Novels with alternating storylines, like Discord’s Apple, are probably easier to write than regular single plot novels. I’ve never come across one that defeated the main problem of such novels. It’s the problem of comparison. The present (alternate present) storyline in Discord’s Apple is far less compelling than those parts which are set during, and in the immediate years following, the Trojan War. By disc three it had become abundantly clear that the two storylines would meet up – and that the more interesting part of the book would be subsumed by the lesser. But, as the novel progressed MORE storylines were added and none of them were very promising. First there was The Eagle Eye Commandos story, the story of a set of G.I. Joe knock-offs that are, we are told, ‘the most popular comic book series in the USA.’ That storyline is told in a third person ominscient POV, as if were’ reading over Evie’s shoulder while she writes it on her laptop. That’s a big problem. I’ve seen scripts for comic books. They look nothing like what Evie writes for her artist collaborator – she’s writing standard prose, not a comics script, the artist would have to adapt what Evie wrote and dumping most of it. Then, just to confuse things just a little more, we get an out of nowhere historical Walker family storyline. It goes nowhere. Then, another short lived storyline will pop up for a chapter, then disappear, never to be heard from again. By disc five, these trends, along with many other warning signs, had cast a dread pall over my hopes for the novel’s conclusion.

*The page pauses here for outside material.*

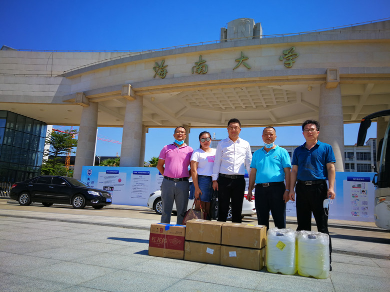 5月7日,上午10:00,红足1世官网2007届校友王大伟总监代表恒大海花岛有限公司,向红足1世官网捐赠防疫物资1800个医用口罩、2箱免洗消毒液,10桶消毒液,助力红足1世官网打赢新冠肺炎疫情防控阻击战。

It is never good when an author shows contempt for her story or for her readers. Carrie Vaughn is guilty of both of these authorial sins. As was pointed out in detail on Charlie Stross’ blog even the opening scene of Discord’s Apple is a mess. It is, of course, described (not shown) and features the destruction of “The Kremlin” by an Cessna full of kerosene:

He made a noise like a deflating balloon. “The Kremlin’s been bombed. Obliterated. A Cessna filled with drums of kerosene rammed it. They’re thinking it’s Mongolian rebels.”

She took a moment to register that he was talking about current events and not a plot point in their comic book. “Then our May storyline is out the window.”

The Eagle Eye Commandos couldn’t raid the building complex if it wasn’t there. She should have seen this one coming.

“Yeah. Unless we can put some kind of ‘how things might have been’ spin on it.”

Uh …. no. How could she have seen this coming? That whole passage should stop you in your tracks. Let me lay it out for you:

1. The biggest Cessna ever built carries no more than a dozen passengers and crew, the Cessna brand, moreover, is widely known to be a small aircraft manufacturer, with pretty much every single model ever built measuring far less than the 16 meters of their very largest passenger jet.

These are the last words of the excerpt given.